Exercise description:
When you transcribe the entries, reproduce every character and exclude the images.

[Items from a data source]
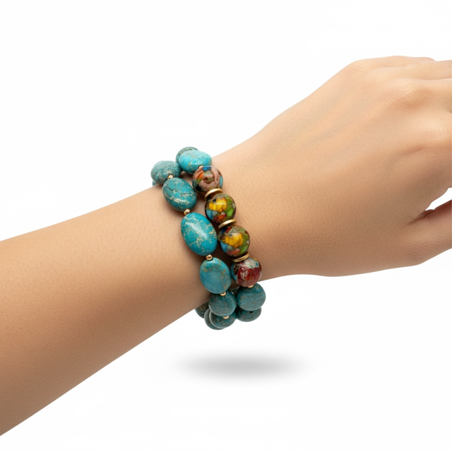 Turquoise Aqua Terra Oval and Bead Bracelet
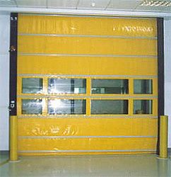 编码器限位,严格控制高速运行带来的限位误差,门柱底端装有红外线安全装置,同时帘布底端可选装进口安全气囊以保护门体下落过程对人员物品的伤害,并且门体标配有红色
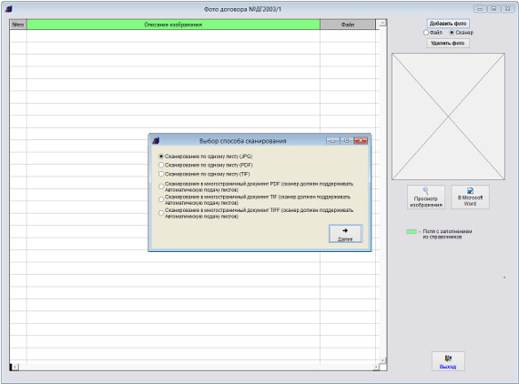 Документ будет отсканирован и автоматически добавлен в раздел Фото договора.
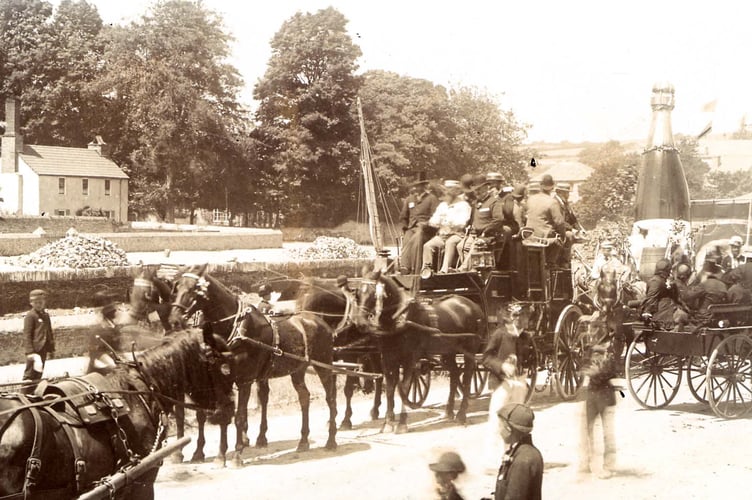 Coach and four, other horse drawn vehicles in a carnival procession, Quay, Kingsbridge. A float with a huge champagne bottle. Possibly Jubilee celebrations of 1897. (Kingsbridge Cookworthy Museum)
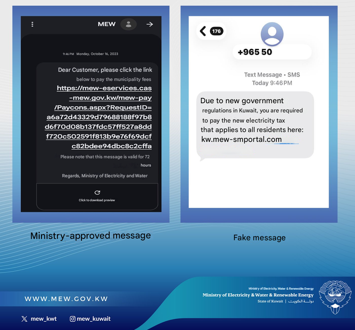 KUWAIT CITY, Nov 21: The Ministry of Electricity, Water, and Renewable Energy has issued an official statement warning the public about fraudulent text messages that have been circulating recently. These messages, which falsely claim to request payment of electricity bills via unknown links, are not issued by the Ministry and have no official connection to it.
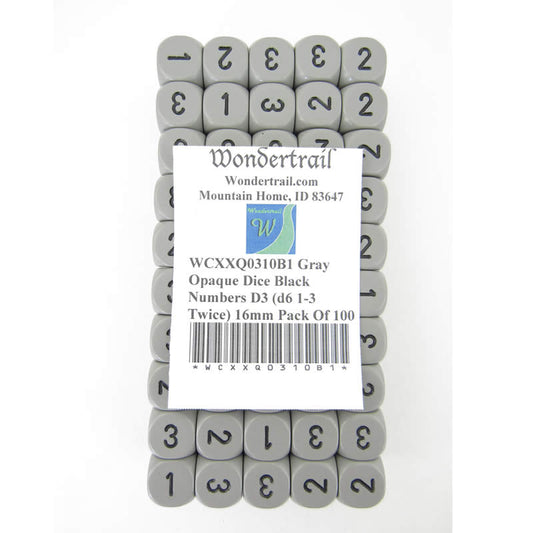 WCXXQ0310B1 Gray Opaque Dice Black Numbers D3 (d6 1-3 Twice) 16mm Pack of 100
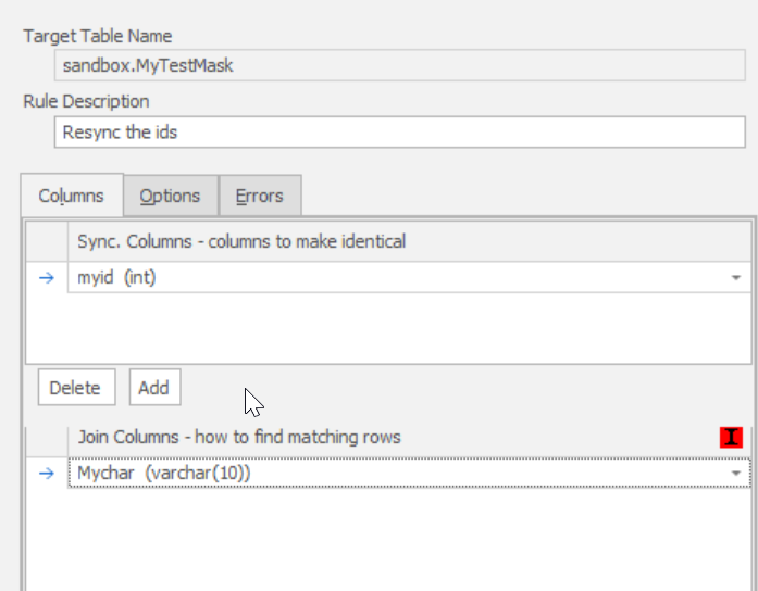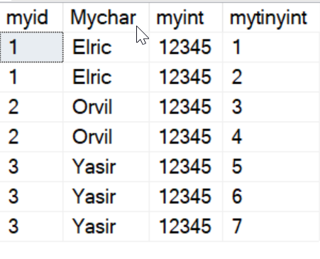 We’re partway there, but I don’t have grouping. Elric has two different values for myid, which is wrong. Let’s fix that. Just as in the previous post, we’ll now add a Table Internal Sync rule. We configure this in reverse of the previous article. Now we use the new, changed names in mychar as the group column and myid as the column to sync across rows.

Written solution:
 Turquoise Aqua Terra Oval and Bead Bracelet
 编码器限位,严格控制高速运行带来的限位误差,门柱底端装有红外线安全装置,同时帘布底端可选装进口安全气囊以保护门体下落过程对人员物品的伤害,并且门体标配有红色
 Документ будет отсканирован и автоматически добавлен в раздел Фото договора.
 Coach and four, other horse drawn vehicles in a carnival procession, Quay, Kingsbridge. A float with a huge champagne bottle. Possibly Jubilee celebrations of 1897. (Kingsbridge Cookworthy Museum)
 KUWAIT CITY, Nov 21: The Ministry of Electricity, Water, and Renewable Energy has issued an official statement warning the public about fraudulent text messages that have been circulating recently. These messages, which falsely claim to request payment of electricity bills via unknown links, are not issued by the Ministry and have no official connection to it.
 WCXXQ0310B1 Gray Opaque Dice Black Numbers D3 (d6 1-3 Twice) 16mm Pack of 100
 We’re partway there, but I don’t have grouping. Elric has two different values for myid, which is wrong. Let’s fix that. Just as in the previous post, we’ll now add a Table Internal Sync rule. We configure this in reverse of the previous article. Now we use the new, changed names in mychar as the group column and myid as the column to sync across rows.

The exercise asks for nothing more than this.